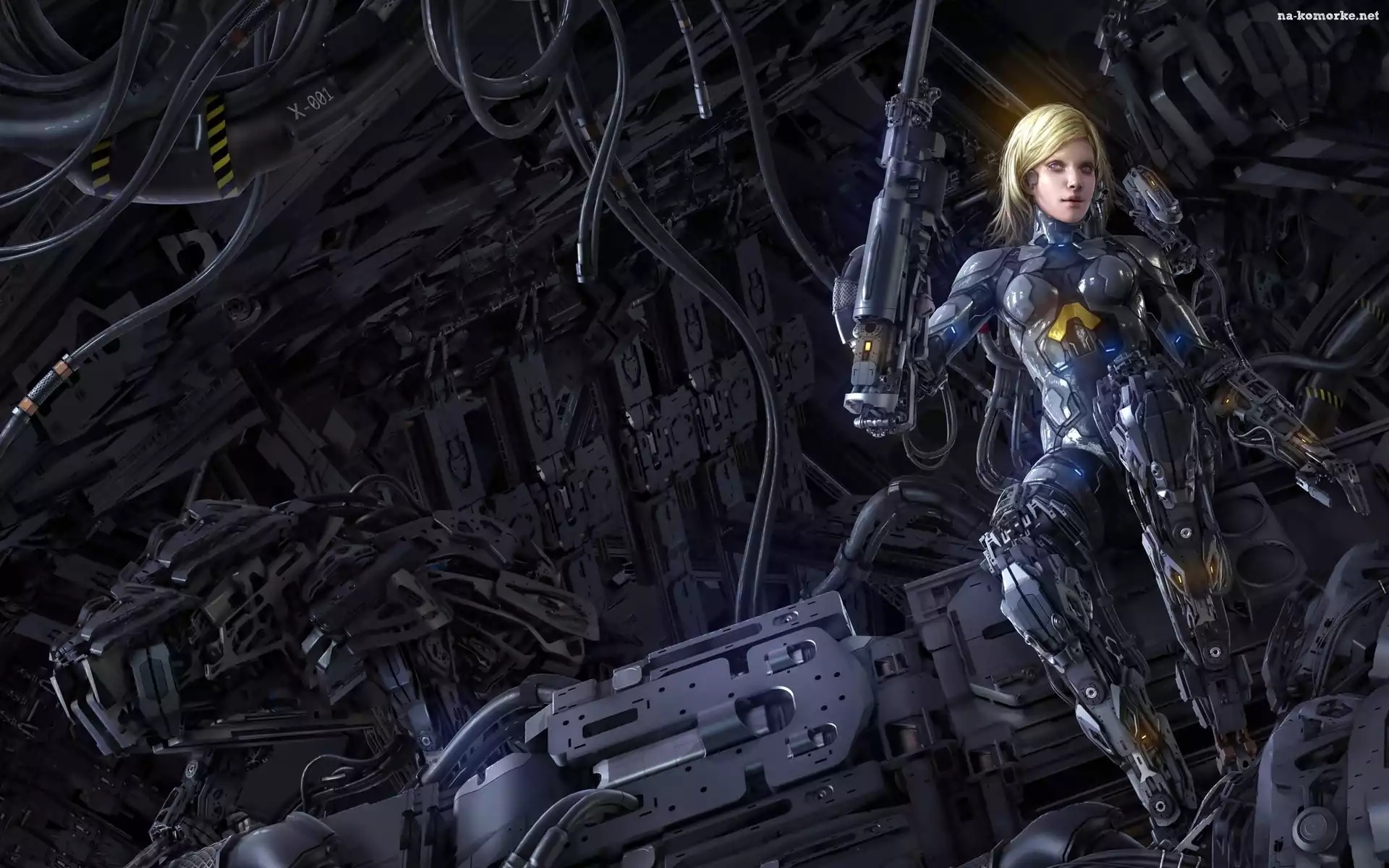 Fantasy, Cyborg, Dziewczyna, Rika, Broń, Postać na Komórkę
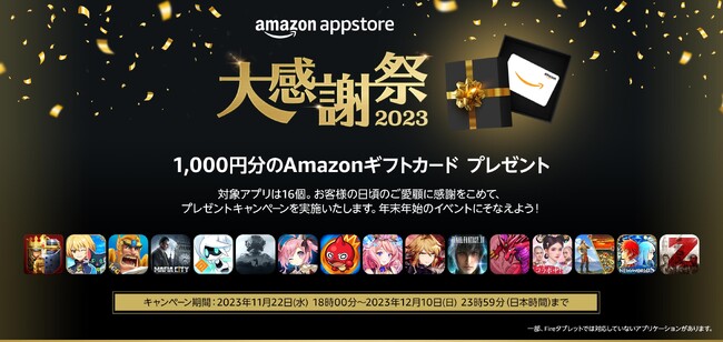 Amazonアプリストア 大感謝祭2023では、2023年11月22日(水)18時00分~2023年12月10日(日)23時59分(日本時間)の期間中に計16の対象アプリにて、合計10,000円相当以上利用した方へ、1,000円分のAmazonギフトカードをプレゼントいたします*1。キャンペーンの詳細は、こちら( https://www.amazon.co.jp/tg2023 )からご覧ください。
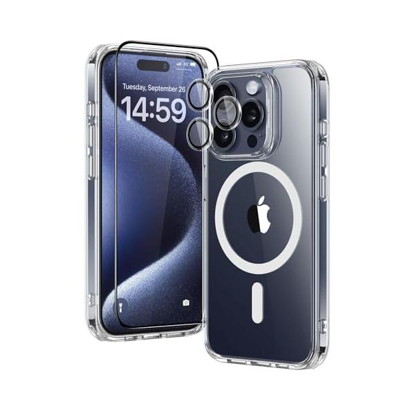 ケース+フィルム セット!レンズ保護ESR iPhone 15 Pro Max ケース セット 強化ガラスフィルム1枚 レンズフィルム1組 いp
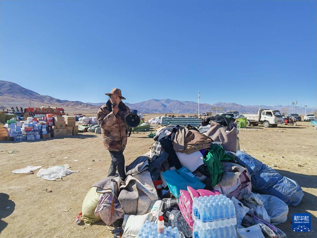 1月9日,達娃正在給村民分發救災物資。新華社記者 白明山 攝
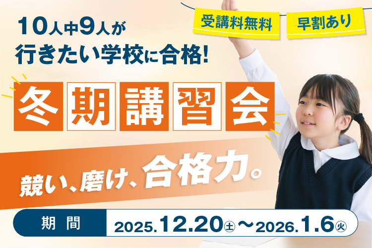冬期講習会の受講料が無料になります!(※新入会生のみ対象。テキスト代2,200円(税込)が別途必要です。)
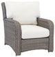 Timeless appeal and clean, modern aesthetic come together in the perfectly proportioned Saint Tropez collection. The smooth, flat-weave synthetic wicker is woven over durable, rustproof aluminum framing. Fabric swatch is shown in the second image.
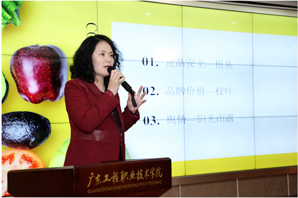 三碗(廣州)信息科技有限公司李映森總經(jīng)理向?qū)W生分享選擇健康食品有關(guān)注意事項(xiàng),質(zhì)量品牌專業(yè)委員會(huì)副主任連芳菲從食品安全與企業(yè)品牌角度闡釋企業(yè)品質(zhì)把控與品牌價(jià)值的內(nèi)在關(guān)聯(lián)。
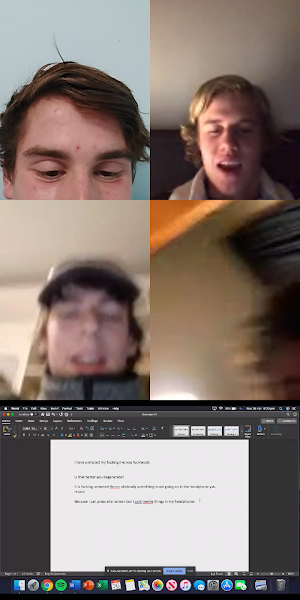My 20th birthday party, held on Zoom. We tried to convince George that his microphone was muted, and he proceeded to abuse us via Microsoft word and the “share screen” function. While they didn’t compare to real life interaction, Zoom provided many new creative ways to converse which we had a lot of fun exploring.

:::::

* _TRY IT_:
Transcribe all lines above exactly, skipping pictures.

* _RESULT BELOW_:
 Fantasy, Cyborg, Dziewczyna, Rika, Broń, Postać na Komórkę
 Amazonアプリストア 大感謝祭2023では、2023年11月22日(水)18時00分~2023年12月10日(日)23時59分(日本時間)の期間中に計16の対象アプリにて、合計10,000円相当以上利用した方へ、1,000円分のAmazonギフトカードをプレゼントいたします*1。キャンペーンの詳細は、こちら( https://www.amazon.co.jp/tg2023 )からご覧ください。
 ケース+フィルム セット!レンズ保護ESR iPhone 15 Pro Max ケース セット 強化ガラスフィルム1枚 レンズフィルム1組 いp
 1月9日,達娃正在給村民分發救災物資。新華社記者 白明山 攝
冬期講習会の受講料が無料になります!(※新入会生のみ対象。テキスト代2,200円(税込)が別途必要です。)
 Timeless appeal and clean, modern aesthetic come together in the perfectly proportioned Saint Tropez collection. The smooth, flat-weave synthetic wicker is woven over durable, rustproof aluminum framing. Fabric swatch is shown in the second image.
 三碗(廣州)信息科技有限公司李映森總經(jīng)理向?qū)W生分享選擇健康食品有關(guān)注意事項(xiàng),質(zhì)量品牌專業(yè)委員會(huì)副主任連芳菲從食品安全與企業(yè)品牌角度闡釋企業(yè)品質(zhì)把控與品牌價(jià)值的內(nèi)在關(guān)聯(lián)。
My 20th birthday party, held on Zoom. We tried to convince George that his microphone was muted, and he proceeded to abuse us via Microsoft word and the “share screen” function. While they didn’t compare to real life interaction, Zoom provided many new creative ways to converse which we had a lot of fun exploring.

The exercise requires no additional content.